Question

Speeding Up Psipred (Or Finding A Better Locally-Run Alternative)

0

Entering edit mode

11.4 years ago

Dave ▴ 80

I know there have already been a few general questions about Secondary Structure Prediction, but hopefully mine is a bit more specific.

I am currently using psipred as part of a pipeline where I need secondary-structure and wondering if there is any way I can speed up the process a little:

Running locally, on a reasonably-powerful CPU, psipred takes on average 5-10 minutes (mainly for blasting with psiblast+) on medium-sized sequences (less than 300 letters), when the online version resolves it in 1 or 2.

Furthermore, a lot of the queries involve known proteins, for which a 100% match exists, so I would expect the match to be returned on the first iteration and the search to be terminated (instead, I suspect the tool keeps running until the end and lesser matches are found).
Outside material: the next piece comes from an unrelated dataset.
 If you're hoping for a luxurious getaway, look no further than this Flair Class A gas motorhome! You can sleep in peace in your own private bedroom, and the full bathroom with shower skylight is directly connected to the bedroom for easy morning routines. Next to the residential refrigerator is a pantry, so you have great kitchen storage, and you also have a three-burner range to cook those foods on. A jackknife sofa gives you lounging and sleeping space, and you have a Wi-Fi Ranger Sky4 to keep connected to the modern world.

I know I can lower the number of iterations, but it doesn't seem to bring the execution time by much (and I would run the risk of not finding any homology, on the off-chance that there is no exact match).

Is there any other way I could modify the parameters given to psiblast in the runpsipred script, to speed things up (even at the expense of some precision)?
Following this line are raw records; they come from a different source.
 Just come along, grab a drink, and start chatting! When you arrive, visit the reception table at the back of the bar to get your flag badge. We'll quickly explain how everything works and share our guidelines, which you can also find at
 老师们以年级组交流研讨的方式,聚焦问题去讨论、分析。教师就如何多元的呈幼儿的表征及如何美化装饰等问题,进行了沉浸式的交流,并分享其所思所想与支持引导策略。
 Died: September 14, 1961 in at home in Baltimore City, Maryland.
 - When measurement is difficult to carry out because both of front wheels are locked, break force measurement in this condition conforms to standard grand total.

For example a way I could make it stop immediately if an exact match is found (I reckon this should be sufficient for the rest of psipred's algorithm).

For anybody who may be familiar with psiblast, but not psipred, here is the command currently used by the psipred pipeline:

$ncbidir/psiblast -db $dbname -query $tmproot.fasta -inclusion_ethresh 0.001 -out_pssm $tmproot.chk -num_iterations 3 -num_alignments 0 >& $tmproot.blast

The PSSM file (-out_pssm) is the important output for the rest of the algorithm.

Alternative question: can anybody recommend a tool with prediction performances, that can be run locally (and as a command line) with better speed performances?

protein-structure • 3.7k views

ADD COMMENT • link updated 11.2 years ago by Hamish ★ 3.3k • written 11.4 years ago by Dave ▴ 80

score 2 · Accepted Answer · 2013-11-01

Given that PSI-BLAST command, the obvious first thing to try is to enable multi-threading:

 -num_threads <Integer, >=1>
   Number of threads (CPUs) to use in the BLAST search
   Default = `1'
    * Incompatible with:  remote

Typically this is set to the number of available cores in the system, although some folks like to keep it a little lower to ensure other processes don't suffer, and others set it a little higher to compensate for controller/monitoring threads that require little CPU time. So you may want to experiment.

As always the smaller the database the faster the search, so while the default processed UniRef90 database works well, you may want to consider if you can use a subset of the database. For example you could exclude all the sequences which are unlikely to occur in your organism (e.g. for searches with prokaryote sequences you may want to remove the UniRef90 sequences which only occur in eukaryotes).

Due to the way the PSSM produced by PSI-BLAST is used, you do not want to decrease the number of iterations. The issue is not failure to find homology (PSI-BLAST will exit immediately if an iteration finds no hits which can be included in the PSSM), but that the PSSM is more informative if it includes more sequences (each iteration recruits sequences into the PSSM).